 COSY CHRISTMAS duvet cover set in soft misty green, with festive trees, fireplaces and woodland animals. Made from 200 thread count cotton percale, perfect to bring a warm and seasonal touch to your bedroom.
---
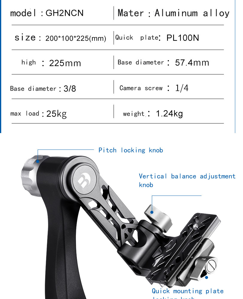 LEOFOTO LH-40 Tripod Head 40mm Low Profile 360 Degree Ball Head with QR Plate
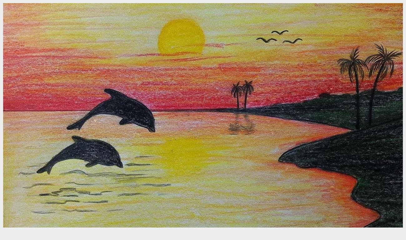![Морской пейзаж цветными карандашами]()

- THE TASK -
From the records above, extract the lines from the one holding "LEOFOTO LH-40 Tripod" through the one holding "пейзаж цветными карандашами]()", word for word; omit the pictures.

- EXERCISE ANSWER -
 LEOFOTO LH-40 Tripod Head 40mm Low Profile 360 Degree Ball Head with QR Plate
![Морской пейзаж цветными карандашами]()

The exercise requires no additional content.